Android Coach: Enhance Online Agentic Training Efficiency
The field of online reinforcement learning (RL) has made significant strides in improving the capabilities of Android agents. However, one of the primary challenges remains the high cost associated with guiding these agents through online interactions. The inefficiencies stemming from emulator latency and existing RL algorithms have made this process prohibitively expensive. A critical limitation in current methodologies is the Single State Single Action paradigm, which restricts learning to one-to-one state-action pairs derived from online one-way rollouts. This approach fails to fully explore the complexities of each costly emulator state.
In response to these challenges, we introduce Android Coach, a groundbreaking framework that transitions the training paradigm from Single State Single Action to Single State Multiple Actions.
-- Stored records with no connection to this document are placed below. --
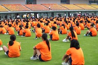 お弁当を食べて午後からは、都城市の6年生みんなで令和9年に宮崎で開催される「日本のひなた宮崎国スポ・障スポのPR動画撮影」に参加しました。大会イメージソング「ひなたのチカラ」に合わせて精いっぱい踊りました。
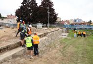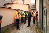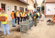 V Komenského ulici finišují své práce plynaři, kteří za týden prostor uvolní, aby firma Gardenline mohla začít navážet a hutnit konstrukční vrstvy pro budoucí dlažbu. Plynaři se mezitím přesunou do Kostelní ulice.
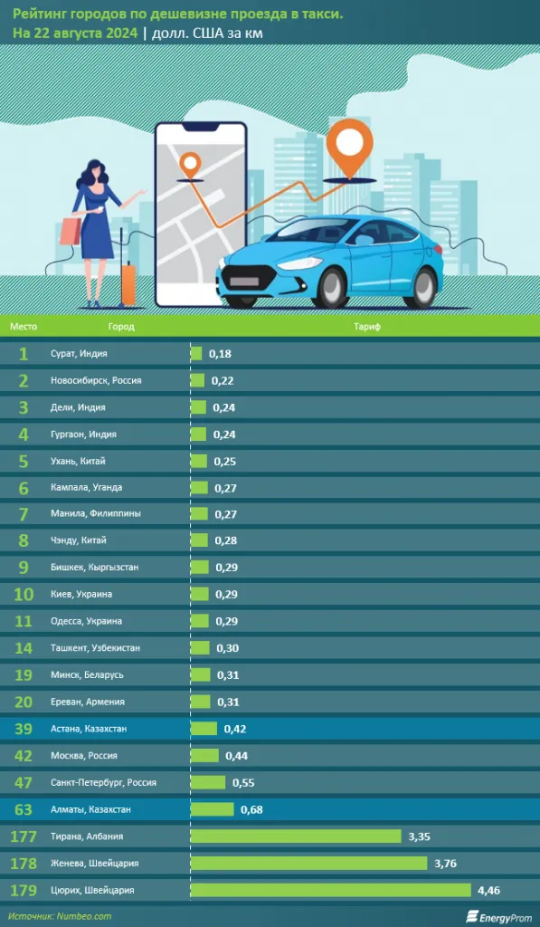 Что касается более тонкой разбивки по городам, самый высокий тариф среди городов стран СНГ был зафиксирован в Алматы: 0,68 долл. США за км. В столице Казахстана стоимость составила 0,42 долларов. Астана, на радость жителям города, уступила по дороговизне Москве и Санкт-Петербургу, где проезд в такси стоил 0,44 и 0,55 долларов США за км.
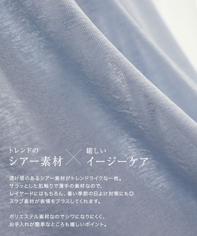 透け感のあるシアー素材がトレンドライクな一枚。サラッとした肌触りで薄手の素材なので、レイヤードにはもちろん、暑い季節の日よけ対策にも◎スラブ素材が表情をプラスしてくれます。ポリエステル素材なのでシワになりにくく、お手入れが簡単なところも嬉しいポイント。
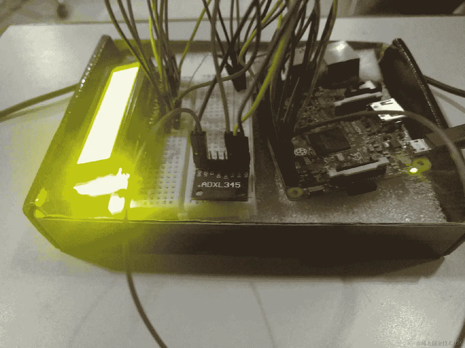 关于硬件设置的第一件事是它又大又笨重。这只是一个 POC,甚至不是一个接近生产设置的远程。硬件设置将包括连接到树莓派 3 和 16X2 LCD 的加速度计。
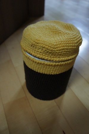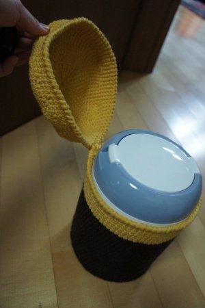 쓰레기통에 엄마와 내가 직접 만든 옷을 입혀주었소
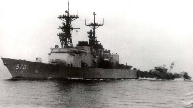 СКР-6 наваливается на корму эсминца Кэрон (фото с борта Беззаветный) В то же время ситуация, когда корабли и самолеты двух сторон, находящихся далеко не в дружественных отношениях, внимательно отслеживают действия друг друга, причем в условиях, когда прямые контакты между политиками и военными сведены к минимуму, всегда потенциально опасна.
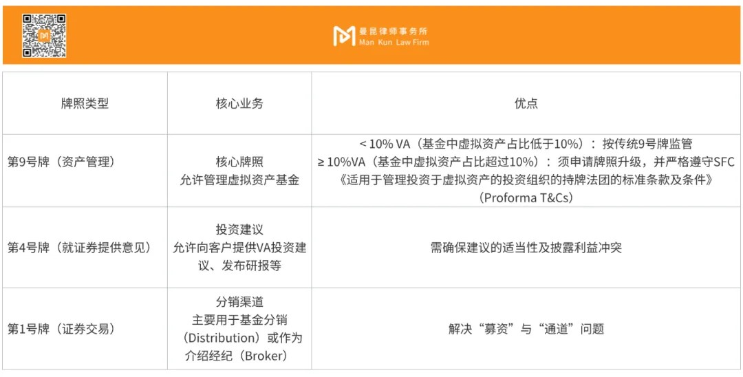 在SFC的监管体系下,涉及虚拟资产活动的牌照主要分为两类:一是以交易所为核心的1+7号牌(VATP, Virtual Asset Trading Platform),门槛极高、申请难度极大;二是以资产管理为核心的1、4、9号牌照。本文重点讨论后者。

This innovative shift allows agents to sample and utilize multiple actions for a single online state, enhancing the learning experience without incurring additional emulator overhead.
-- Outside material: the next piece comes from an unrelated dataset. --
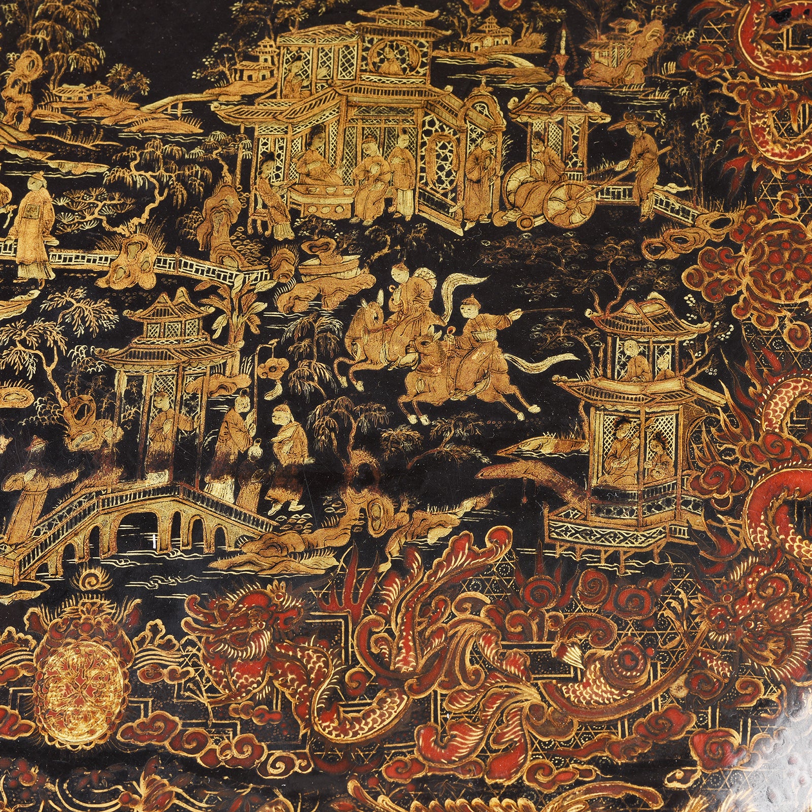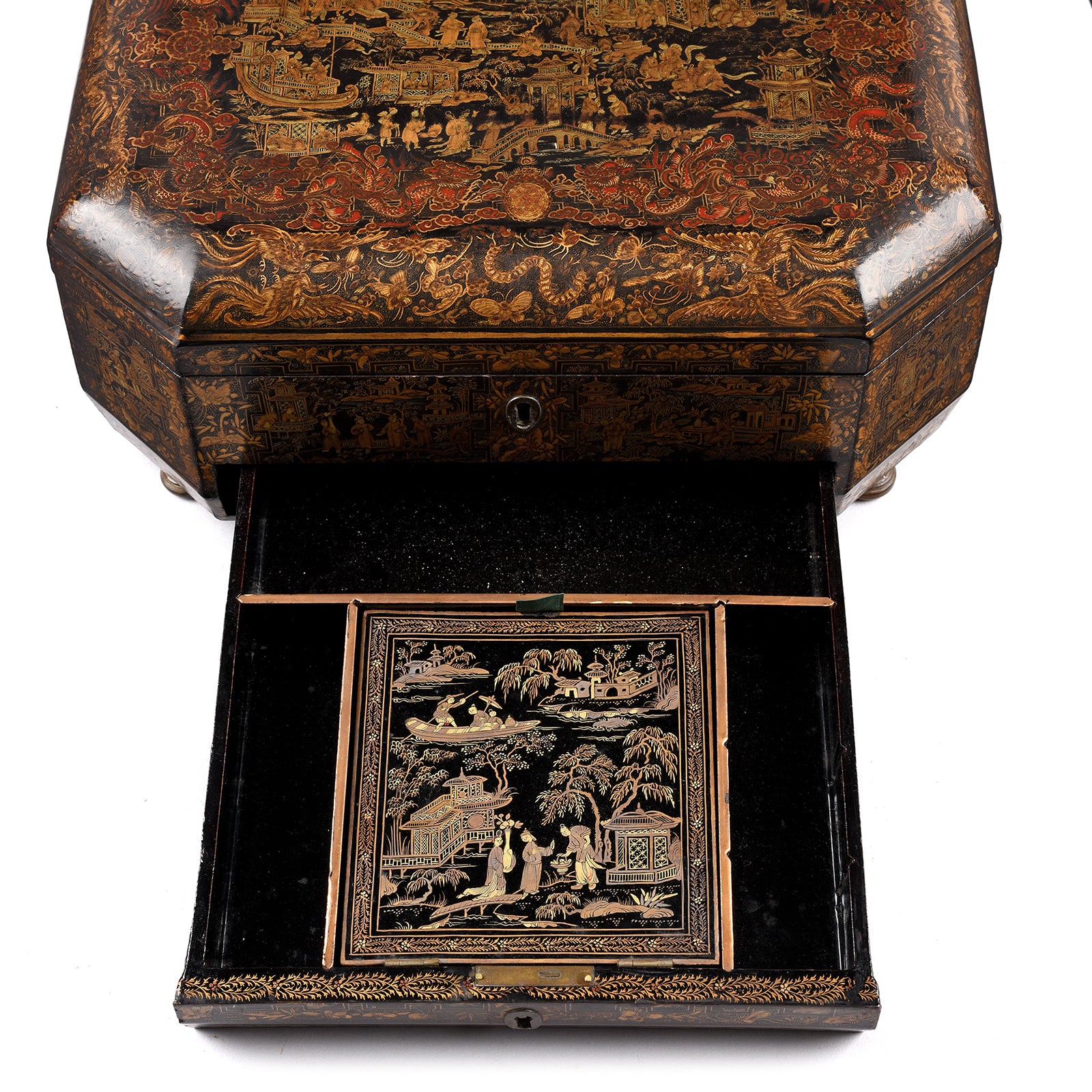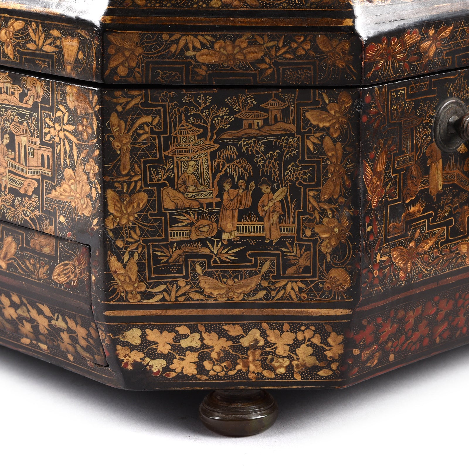 Detail From Antique Black Lacquer Chinoiserie Sewing Box - Early 19th Century | Indigo Antiques

Key Features of Android Coach
- Critic Learning: Android Coach leverages a critic that estimates action values, enabling the agent to make informed decisions based on multiple actions available at any given state.
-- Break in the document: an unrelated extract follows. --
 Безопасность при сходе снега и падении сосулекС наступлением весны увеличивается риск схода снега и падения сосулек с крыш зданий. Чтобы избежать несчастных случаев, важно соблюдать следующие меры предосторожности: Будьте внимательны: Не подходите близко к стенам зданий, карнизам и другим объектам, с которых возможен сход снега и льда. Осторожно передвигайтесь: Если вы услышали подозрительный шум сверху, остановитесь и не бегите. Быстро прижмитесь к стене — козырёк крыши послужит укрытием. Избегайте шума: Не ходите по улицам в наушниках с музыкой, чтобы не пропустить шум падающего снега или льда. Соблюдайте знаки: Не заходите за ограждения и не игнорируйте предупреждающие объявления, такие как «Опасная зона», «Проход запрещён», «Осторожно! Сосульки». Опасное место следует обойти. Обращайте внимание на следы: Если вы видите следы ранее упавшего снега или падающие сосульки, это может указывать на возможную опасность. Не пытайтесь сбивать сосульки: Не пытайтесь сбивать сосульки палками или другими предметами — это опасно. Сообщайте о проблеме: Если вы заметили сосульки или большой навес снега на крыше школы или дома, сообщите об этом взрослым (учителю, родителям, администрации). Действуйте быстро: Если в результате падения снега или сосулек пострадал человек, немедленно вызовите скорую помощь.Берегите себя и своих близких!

- Process Reward Model: To ensure that the critic serves as a reliable coach, we integrate a process reward model that aligns the agent’s learning objectives with real-world performance.
- Group-Wise Advantage Estimator: We introduce a group-wise advantage estimator that uses averaged critic outputs, further refining the decision-making process for the agent during training.
Experimental Results
Rigorous testing has demonstrated the effectiveness and efficiency of Android Coach. In comparative studies, our framework achieved notable improvements in success rates on both AndroidLab and AndroidWorld environments. Specifically, Android Coach recorded a 7.5% and 8.3% increase in success rates over the previous benchmark UI-TARS-1.5-7B. Furthermore, it exhibited a remarkable 1.4 times higher training efficiency compared to traditional Single State Single Action methods such as Proximal Policy Optimization (PPO) and Generalized REINFORCE with Policy Optimization (GRPO) while maintaining matched success rates.
Conclusion
The introduction of Android Coach marks a pivotal advancement in the realm of online reinforcement learning for Android agents. By redefining the training paradigm to accommodate multiple actions for a single state, we have positioned Android Coach as a superior alternative to existing methodologies. The implications of this work extend beyond mere efficiency; they pave the way for more sophisticated and capable agents capable of operating in complex environments. As we continue to refine and develop this framework, the potential for improved agentic learning and application in real-world scenarios is immense.